Restate each line below word for word, skipping every picture.
Start of Material for this task
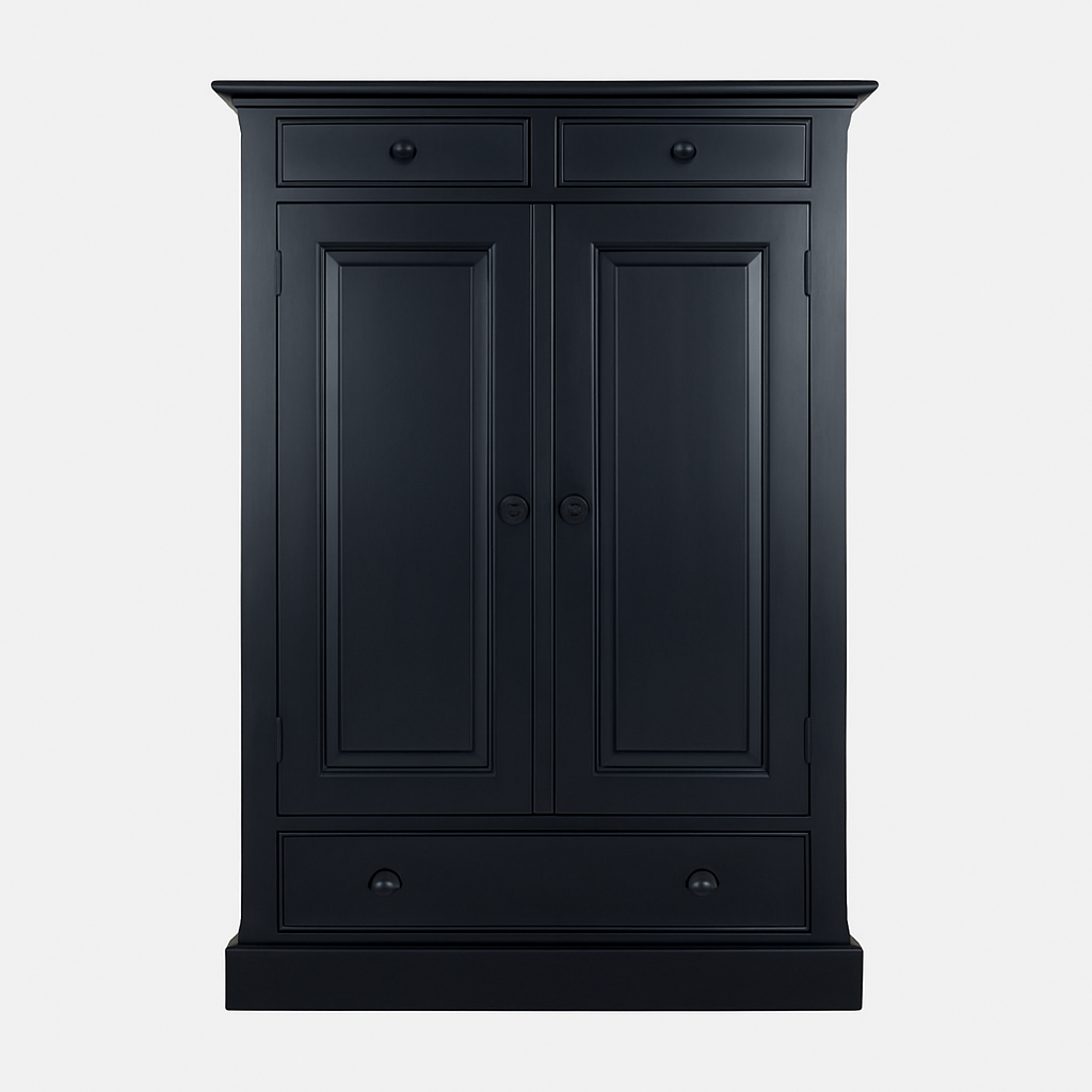 Meidenkast Alicante is een sfeervolle en compacte kast die perfect is voor kleding, linnen en andere spullen. Met 2 kleine lades, 1 grote lade en verstelbare planken achter de 2 deuren biedt deze meidenkast alle praktische gemakken, zonder veel ruimte in te nemen.
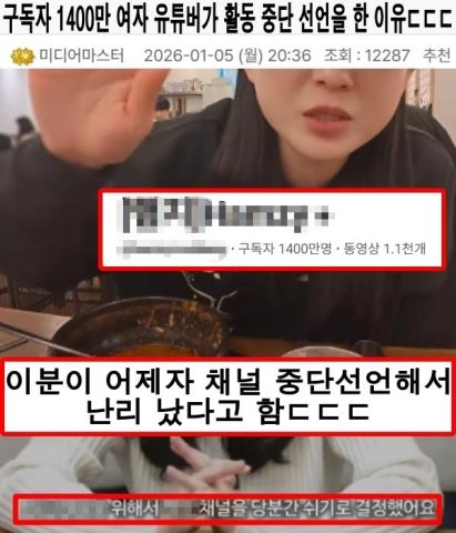 구독자 1400만 여자 유튜버가 활동 중단 선언을 한 이유ㄷㄷㄷ
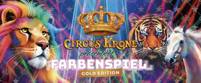 Kaiserslautern – Der Circus Krone lädt ein zu seinem aufregenden Sommertourneeprogramm „Farbenspiel – Gold Edition“ im brandneuen Chapiteau des Circus Krone! Präsentiert wird ein internationales Circusprogramm auf höchstem Niveau. Freuen Sie sich auf ein Feuerwerk der Circuskunst mit Weltklasseartisten, talentierten Newcomern, faszinierenden Tieren und mitreißenden Clowns. Erleben Sie 150 Minuten voller Lachen, Staunen und Nervenkitzel!
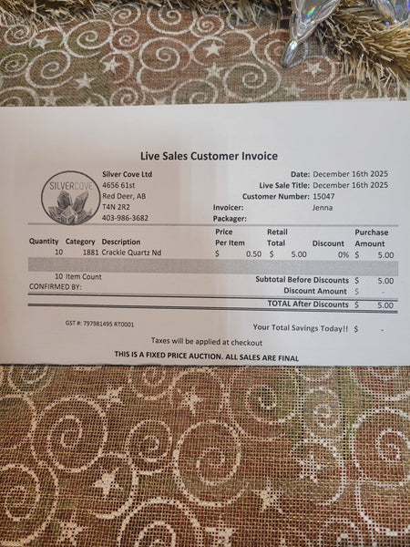 This is your invoice for the date listed above, and we hope you are as excited to get your items as we are! A photo of you invoice and your item(s) are included in this listing for you to review.
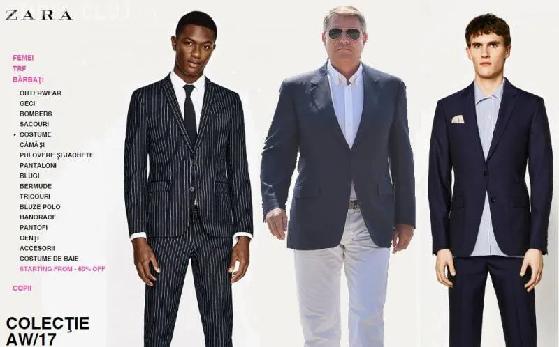 Klaus Iohannis a purtat un sacou navy și pantaloni albi, ținuta fiind completată de o cămașă albă, pantofi maro și o pereche de ochelari de tip Aviator.
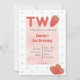 Convite de aniversário temático de morango. Letreiro brilhante com morangos. Detalhe doce de bolinhas no verso. Vermelho e rosa. Perfeito para o segundo aniversário de bebê ou criança, Edite facilmente o texto moderno e divertido. Combina com o tema de festa tutti fruity / twotii fruity ou tema berry sweet. Encontre acessórios correspondentes na loja Gemma Harlow Creations ou transfira o design para seus produtos favoritos.
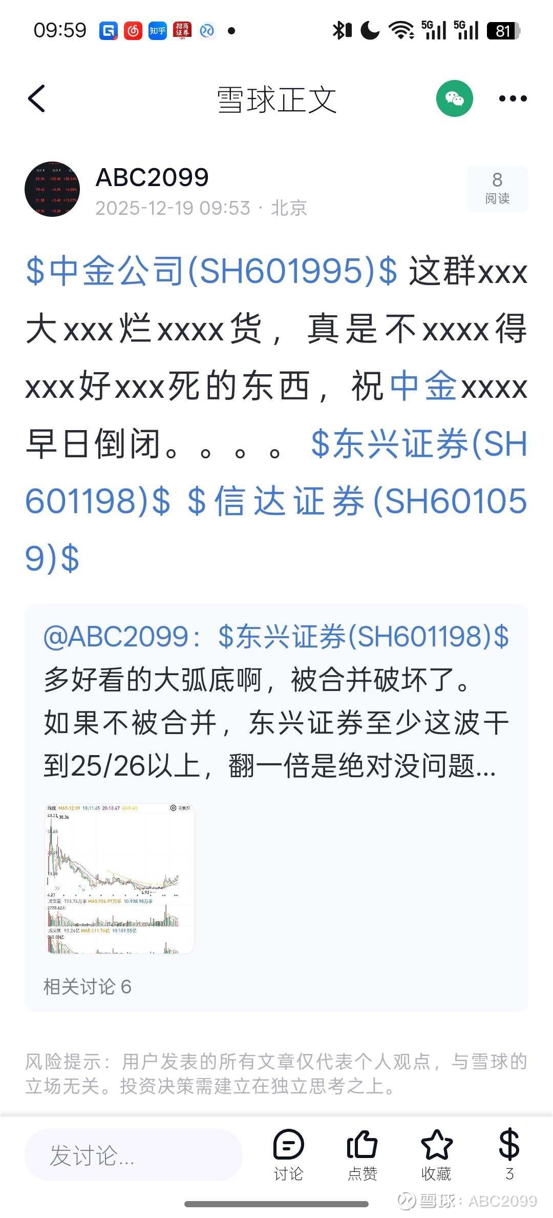 $山东高速(SH600350)$ 你们山东高速的计提6.9个亿,那真是搞笑了。。。山东高速被中金这个并购害惨了。【山东高速(600350.SH)拟计提东兴证券长期股权投资减值准备约6.9亿元】网页链接查看图片//@烟台股民老李: 回复@烟台股民老李: 这么大幅震荡,老夫真是开眼了,中金公司、东兴证券里面的散户基本跑光了,这才是带血的筹码,缺大德了
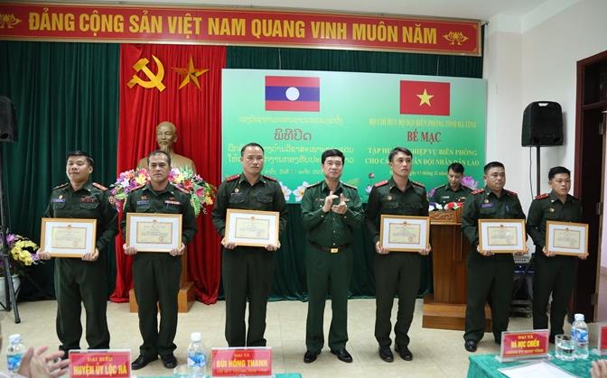 Đại tá Bùi Hồng Thanh, Chỉ huy trưởng BĐBP Hà Tĩnh trao tặng giấy khen cho 6 cán bộ Bộ Chỉ huy Quân sự tỉnh Bôlykhămxay có thành tích xuất sắc trong tập huấn.
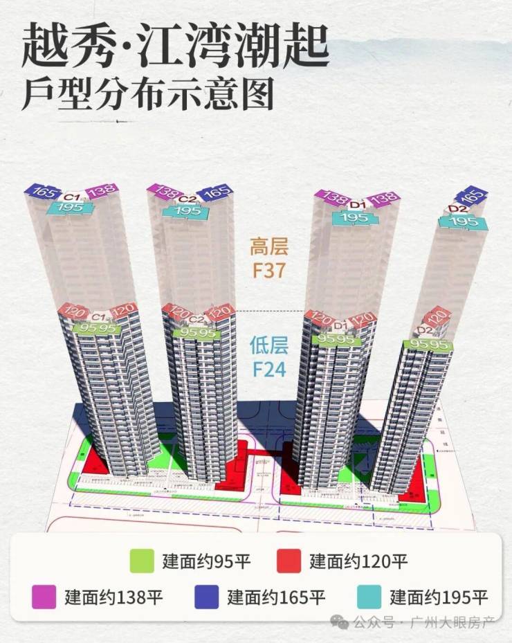 项目共规划4栋住宅楼,均为37层,分高低区设计,而且梯户比跟户型都各不相同:
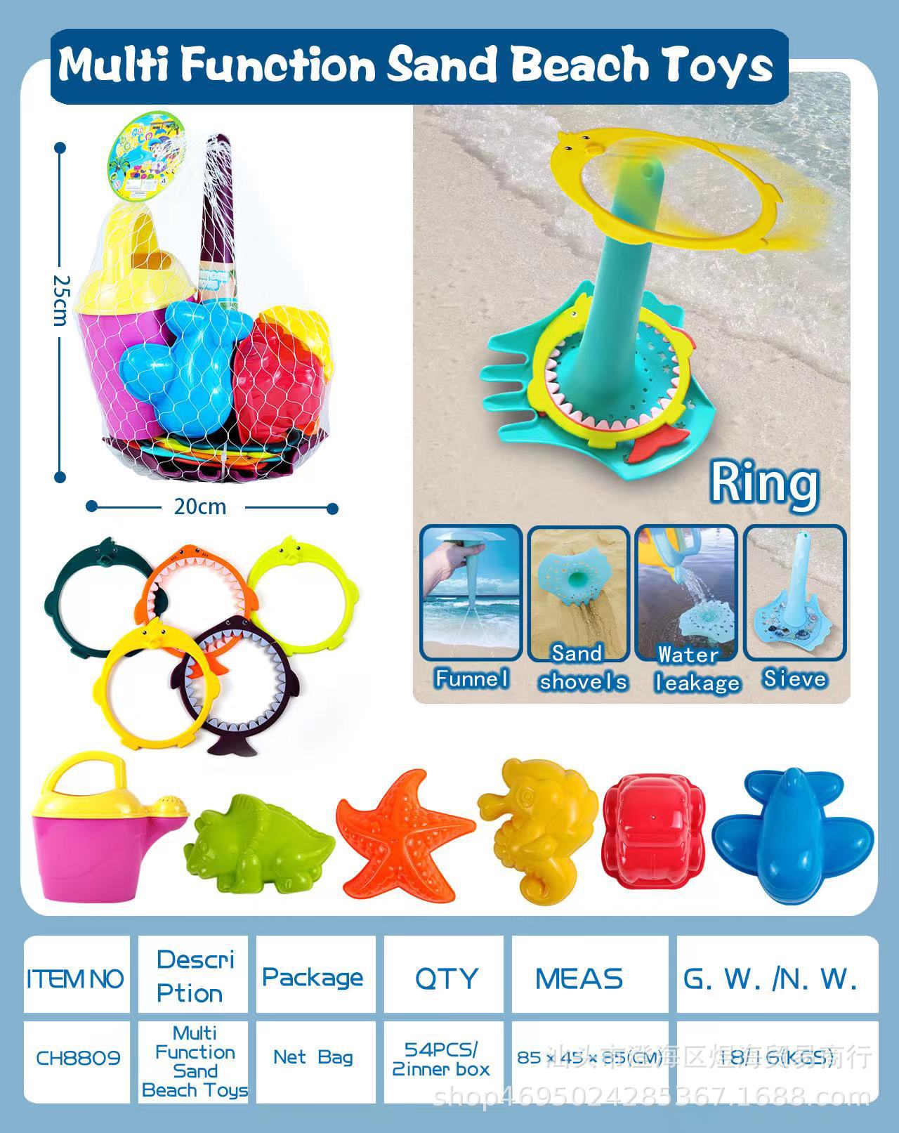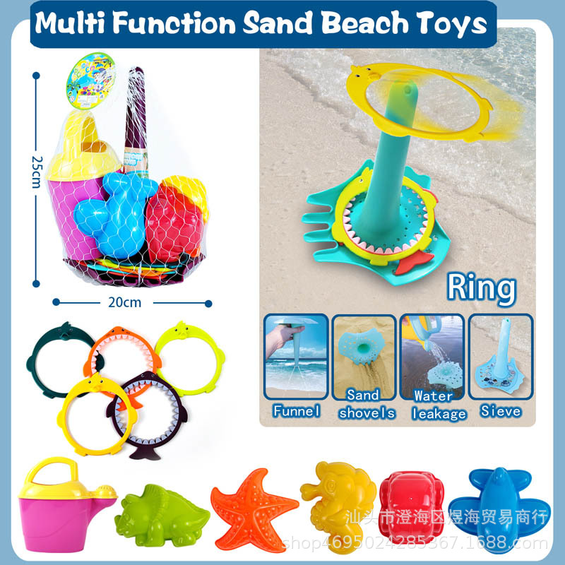 어린이 다기능 해변 장난감 모래 놀이 세트 모래 파기 도구 슬리브 링 모래 삽 물 누출 아기 해변 물 놀이스토어 가기
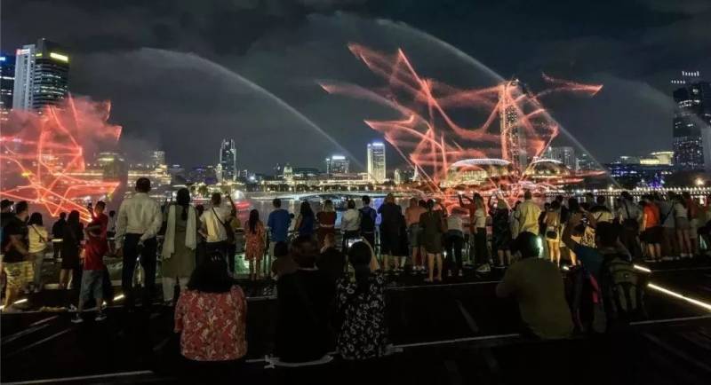 要想近距离观看鱼尾狮喷泉,沿着港湾步行是个不错的选择。在不远处就是被吐槽为榴梿的新加坡艺术中心。而在港湾对面,则是著名的滨海湾金沙酒店和滨海湾购物中心,每天晚上8点和9点,在滨海湾购物中心面向鱼尾狮喷泉的岸边会有激光喷泉音乐秀。在鱼尾狮喷泉这里观看喷泉音乐秀可以看到金沙酒店顶楼的激光打在港湾水面上的图案。
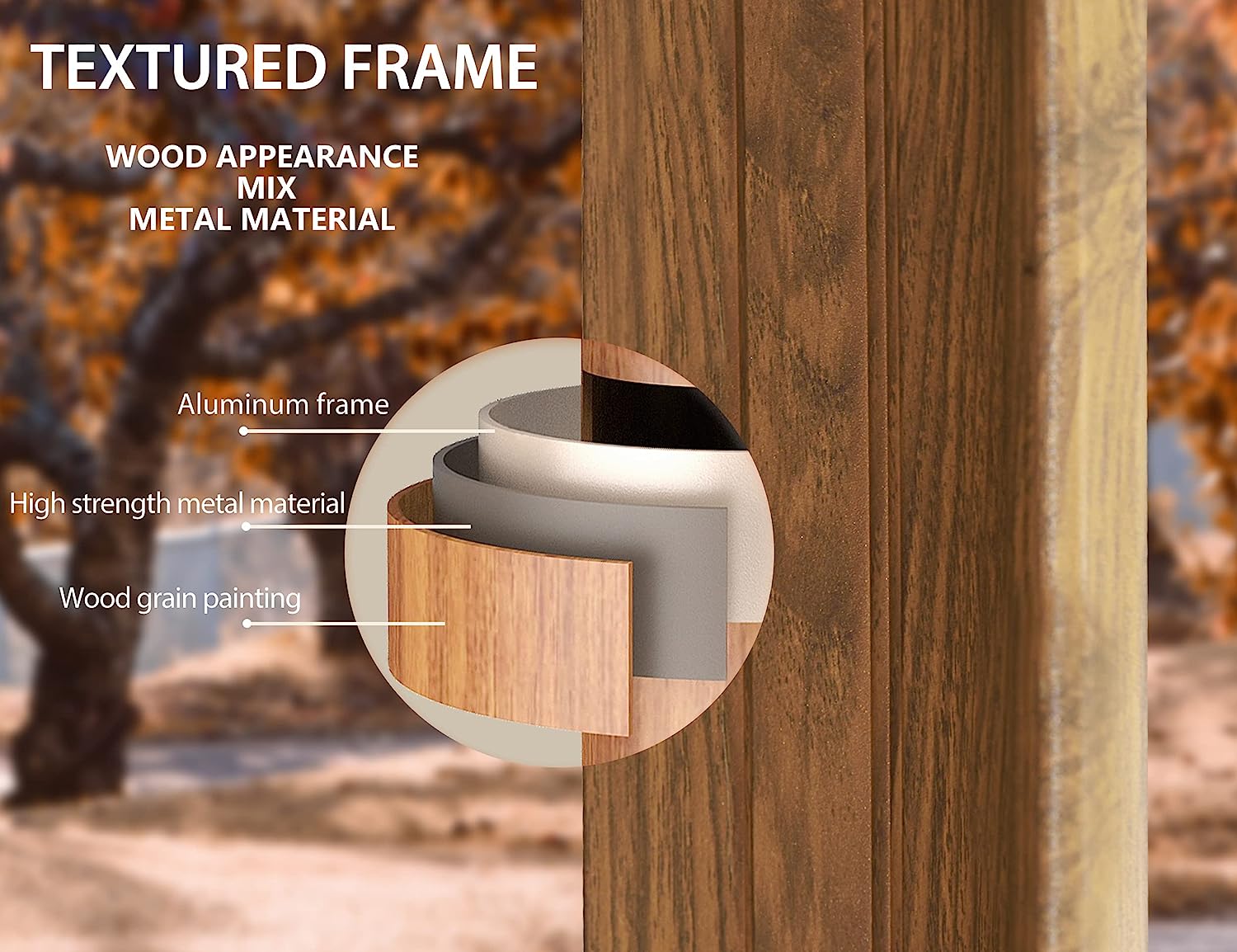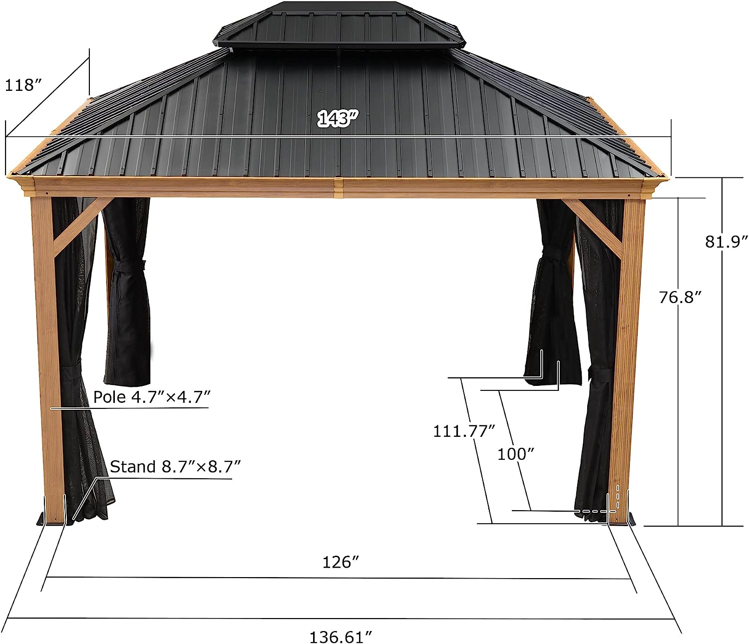 • Size: 10' X 12'. Outstanding teak-finish powder-coated aluminum frame, sturdy for 4 seasons use and always catch your eyes.
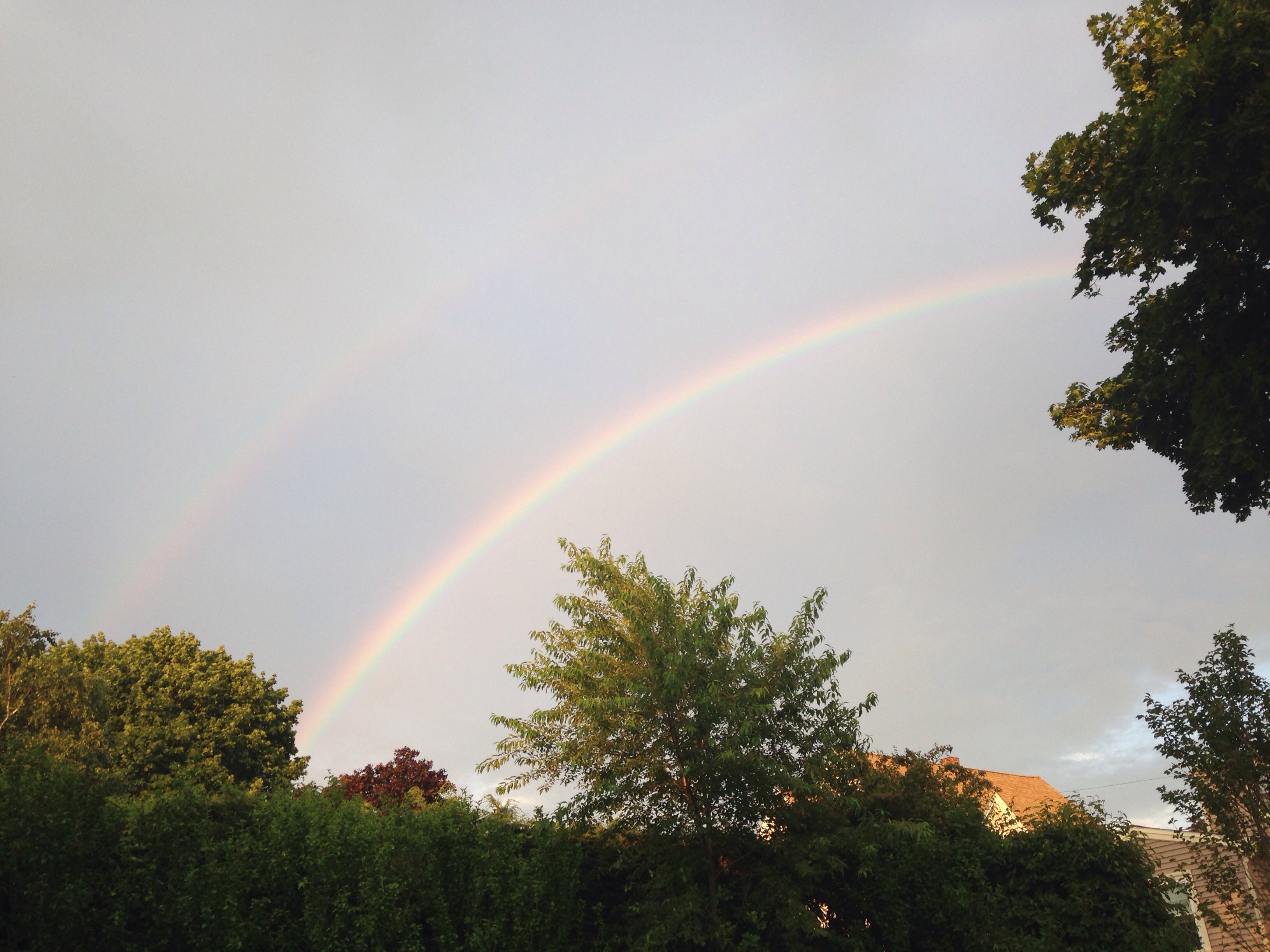 I love when I catch a glimpse of a rainbow, and tonight I caught a double right over my backyard. Makes me feel hopeful
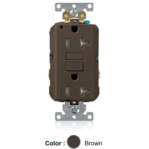 Leviton G5362-T0, SmartlockPro Tamper-Resistant Self-Test GFCI Duplex Receptacle, LED Power Indication, Extra Heavy-Duty Industrial Specification Grade, 20A 125V, NEMA 5-20R, 2-Pole, 3-Wire, Back and Side Wired, Self-Grounding, Brown
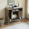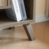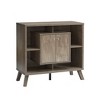 Compact display storage sideboard bookcase cabinet two door four open shelves metal knobs wooden flared legs
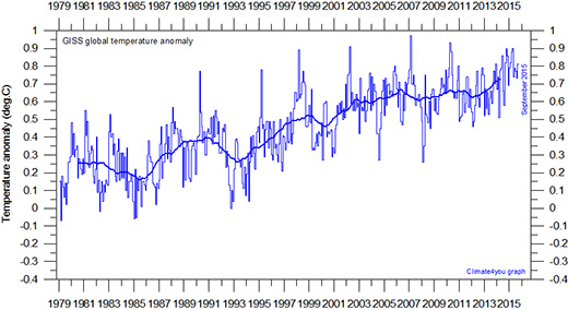 One of several key global temperature graphs is the monthly average surface air temperature calculated by the Goddard Institute for Space Studies, at Columbia University, New York City, USA. The graph is updated to September 2015. GISS is a laboratory of the Earth-Sun Exploration Division of NASA's Goddard Space Flight Center and a unit of the Columbia University Earth Institute. The thick line is the simple running 37 month average, nearly corresponding to a running 3 year average
End of Material for this task
— Task result —
 Meidenkast Alicante is een sfeervolle en compacte kast die perfect is voor kleding, linnen en andere spullen. Met 2 kleine lades, 1 grote lade en verstelbare planken achter de 2 deuren biedt deze meidenkast alle praktische gemakken, zonder veel ruimte in te nemen.
 구독자 1400만 여자 유튜버가 활동 중단 선언을 한 이유ㄷㄷㄷ
 Kaiserslautern – Der Circus Krone lädt ein zu seinem aufregenden Sommertourneeprogramm „Farbenspiel – Gold Edition“ im brandneuen Chapiteau des Circus Krone! Präsentiert wird ein internationales Circusprogramm auf höchstem Niveau. Freuen Sie sich auf ein Feuerwerk der Circuskunst mit Weltklasseartisten, talentierten Newcomern, faszinierenden Tieren und mitreißenden Clowns. Erleben Sie 150 Minuten voller Lachen, Staunen und Nervenkitzel!
 This is your invoice for the date listed above, and we hope you are as excited to get your items as we are! A photo of you invoice and your item(s) are included in this listing for you to review.
 Klaus Iohannis a purtat un sacou navy și pantaloni albi, ținuta fiind completată de o cămașă albă, pantofi maro și o pereche de ochelari de tip Aviator.
 Convite de aniversário temático de morango. Letreiro brilhante com morangos. Detalhe doce de bolinhas no verso. Vermelho e rosa. Perfeito para o segundo aniversário de bebê ou criança, Edite facilmente o texto moderno e divertido. Combina com o tema de festa tutti fruity / twotii fruity ou tema berry sweet. Encontre acessórios correspondentes na loja Gemma Harlow Creations ou transfira o design para seus produtos favoritos.
 $山东高速(SH600350)$ 你们山东高速的计提6.9个亿,那真是搞笑了。。。山东高速被中金这个并购害惨了。【山东高速(600350.SH)拟计提东兴证券长期股权投资减值准备约6.9亿元】网页链接查看图片//@烟台股民老李: 回复@烟台股民老李: 这么大幅震荡,老夫真是开眼了,中金公司、东兴证券里面的散户基本跑光了,这才是带血的筹码,缺大德了
 Đại tá Bùi Hồng Thanh, Chỉ huy trưởng BĐBP Hà Tĩnh trao tặng giấy khen cho 6 cán bộ Bộ Chỉ huy Quân sự tỉnh Bôlykhămxay có thành tích xuất sắc trong tập huấn.
 项目共规划4栋住宅楼,均为37层,分高低区设计,而且梯户比跟户型都各不相同:
 어린이 다기능 해변 장난감 모래 놀이 세트 모래 파기 도구 슬리브 링 모래 삽 물 누출 아기 해변 물 놀이스토어 가기
 要想近距离观看鱼尾狮喷泉,沿着港湾步行是个不错的选择。在不远处就是被吐槽为榴梿的新加坡艺术中心。而在港湾对面,则是著名的滨海湾金沙酒店和滨海湾购物中心,每天晚上8点和9点,在滨海湾购物中心面向鱼尾狮喷泉的岸边会有激光喷泉音乐秀。在鱼尾狮喷泉这里观看喷泉音乐秀可以看到金沙酒店顶楼的激光打在港湾水面上的图案。
 • Size: 10' X 12'. Outstanding teak-finish powder-coated aluminum frame, sturdy for 4 seasons use and always catch your eyes.
 I love when I catch a glimpse of a rainbow, and tonight I caught a double right over my backyard. Makes me feel hopeful
 Leviton G5362-T0, SmartlockPro Tamper-Resistant Self-Test GFCI Duplex Receptacle, LED Power Indication, Extra Heavy-Duty Industrial Specification Grade, 20A 125V, NEMA 5-20R, 2-Pole, 3-Wire, Back and Side Wired, Self-Grounding, Brown
 Compact display storage sideboard bookcase cabinet two door four open shelves metal knobs wooden flared legs
 One of several key global temperature graphs is the monthly average surface air temperature calculated by the Goddard Institute for Space Studies, at Columbia University, New York City, USA. The graph is updated to September 2015. GISS is a laboratory of the Earth-Sun Exploration Division of NASA's Goddard Space Flight Center and a unit of the Columbia University Earth Institute. The thick line is the simple running 37 month average, nearly corresponding to a running 3 year average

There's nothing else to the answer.